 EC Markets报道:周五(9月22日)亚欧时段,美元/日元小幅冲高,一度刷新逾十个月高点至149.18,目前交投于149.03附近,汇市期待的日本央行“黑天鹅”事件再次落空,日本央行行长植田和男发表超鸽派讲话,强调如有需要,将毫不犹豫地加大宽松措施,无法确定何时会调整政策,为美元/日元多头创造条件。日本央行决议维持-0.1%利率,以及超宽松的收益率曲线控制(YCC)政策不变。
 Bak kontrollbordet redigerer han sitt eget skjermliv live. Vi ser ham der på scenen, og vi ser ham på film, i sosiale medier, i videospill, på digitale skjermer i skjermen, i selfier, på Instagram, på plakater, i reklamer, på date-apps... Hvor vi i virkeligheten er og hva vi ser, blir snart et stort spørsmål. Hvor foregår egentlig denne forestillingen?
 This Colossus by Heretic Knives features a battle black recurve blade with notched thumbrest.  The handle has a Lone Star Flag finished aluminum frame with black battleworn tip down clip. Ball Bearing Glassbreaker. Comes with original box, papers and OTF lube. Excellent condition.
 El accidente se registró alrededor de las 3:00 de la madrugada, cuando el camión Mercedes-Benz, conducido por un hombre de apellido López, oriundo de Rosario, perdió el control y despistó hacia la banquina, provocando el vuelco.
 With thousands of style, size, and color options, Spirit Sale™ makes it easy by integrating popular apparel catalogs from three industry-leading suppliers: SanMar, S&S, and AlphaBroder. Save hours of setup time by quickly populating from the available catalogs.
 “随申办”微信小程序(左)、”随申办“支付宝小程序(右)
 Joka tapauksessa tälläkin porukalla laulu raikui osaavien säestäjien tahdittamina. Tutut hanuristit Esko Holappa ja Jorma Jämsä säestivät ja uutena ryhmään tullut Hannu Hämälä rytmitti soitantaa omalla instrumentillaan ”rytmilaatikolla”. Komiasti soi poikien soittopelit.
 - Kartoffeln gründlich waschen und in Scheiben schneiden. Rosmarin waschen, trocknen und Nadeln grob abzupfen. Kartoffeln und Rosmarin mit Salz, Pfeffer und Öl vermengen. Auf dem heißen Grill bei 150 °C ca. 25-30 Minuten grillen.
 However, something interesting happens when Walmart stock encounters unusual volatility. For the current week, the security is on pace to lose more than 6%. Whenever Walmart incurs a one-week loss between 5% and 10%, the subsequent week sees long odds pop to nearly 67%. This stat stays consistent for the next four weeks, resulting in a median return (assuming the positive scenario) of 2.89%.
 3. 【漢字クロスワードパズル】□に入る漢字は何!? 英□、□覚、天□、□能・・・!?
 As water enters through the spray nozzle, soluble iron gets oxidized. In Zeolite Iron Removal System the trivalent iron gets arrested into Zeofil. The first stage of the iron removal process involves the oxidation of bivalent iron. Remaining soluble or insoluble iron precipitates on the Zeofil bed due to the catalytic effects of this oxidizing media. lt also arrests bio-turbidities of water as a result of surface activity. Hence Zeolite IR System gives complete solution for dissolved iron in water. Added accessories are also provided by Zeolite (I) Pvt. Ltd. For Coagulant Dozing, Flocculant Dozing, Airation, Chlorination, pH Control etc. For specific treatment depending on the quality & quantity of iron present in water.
^^^^
_Exercise requirements_:
The data above is to be given again, with every line exact.

_Exercise response_:
 EC Markets报道:周五(9月22日)亚欧时段,美元/日元小幅冲高,一度刷新逾十个月高点至149.18,目前交投于149.03附近,汇市期待的日本央行“黑天鹅”事件再次落空,日本央行行长植田和男发表超鸽派讲话,强调如有需要,将毫不犹豫地加大宽松措施,无法确定何时会调整政策,为美元/日元多头创造条件。日本央行决议维持-0.1%利率,以及超宽松的收益率曲线控制(YCC)政策不变。
 Bak kontrollbordet redigerer han sitt eget skjermliv live. Vi ser ham der på scenen, og vi ser ham på film, i sosiale medier, i videospill, på digitale skjermer i skjermen, i selfier, på Instagram, på plakater, i reklamer, på date-apps... Hvor vi i virkeligheten er og hva vi ser, blir snart et stort spørsmål. Hvor foregår egentlig denne forestillingen?
 This Colossus by Heretic Knives features a battle black recurve blade with notched thumbrest.  The handle has a Lone Star Flag finished aluminum frame with black battleworn tip down clip. Ball Bearing Glassbreaker. Comes with original box, papers and OTF lube. Excellent condition.
 El accidente se registró alrededor de las 3:00 de la madrugada, cuando el camión Mercedes-Benz, conducido por un hombre de apellido López, oriundo de Rosario, perdió el control y despistó hacia la banquina, provocando el vuelco.
 With thousands of style, size, and color options, Spirit Sale™ makes it easy by integrating popular apparel catalogs from three industry-leading suppliers: SanMar, S&S, and AlphaBroder. Save hours of setup time by quickly populating from the available catalogs.
 “随申办”微信小程序(左)、”随申办“支付宝小程序(右)
 Joka tapauksessa tälläkin porukalla laulu raikui osaavien säestäjien tahdittamina. Tutut hanuristit Esko Holappa ja Jorma Jämsä säestivät ja uutena ryhmään tullut Hannu Hämälä rytmitti soitantaa omalla instrumentillaan ”rytmilaatikolla”. Komiasti soi poikien soittopelit.
 - Kartoffeln gründlich waschen und in Scheiben schneiden. Rosmarin waschen, trocknen und Nadeln grob abzupfen. Kartoffeln und Rosmarin mit Salz, Pfeffer und Öl vermengen. Auf dem heißen Grill bei 150 °C ca. 25-30 Minuten grillen.
 However, something interesting happens when Walmart stock encounters unusual volatility. For the current week, the security is on pace to lose more than 6%. Whenever Walmart incurs a one-week loss between 5% and 10%, the subsequent week sees long odds pop to nearly 67%. This stat stays consistent for the next four weeks, resulting in a median return (assuming the positive scenario) of 2.89%.
 3. 【漢字クロスワードパズル】□に入る漢字は何!? 英□、□覚、天□、□能・・・!?
 As water enters through the spray nozzle, soluble iron gets oxidized. In Zeolite Iron Removal System the trivalent iron gets arrested into Zeofil. The first stage of the iron removal process involves the oxidation of bivalent iron. Remaining soluble or insoluble iron precipitates on the Zeofil bed due to the catalytic effects of this oxidizing media. lt also arrests bio-turbidities of water as a result of surface activity. Hence Zeolite IR System gives complete solution for dissolved iron in water. Added accessories are also provided by Zeolite (I) Pvt. Ltd. For Coagulant Dozing, Flocculant Dozing, Airation, Chlorination, pH Control etc. For specific treatment depending on the quality & quantity of iron present in water.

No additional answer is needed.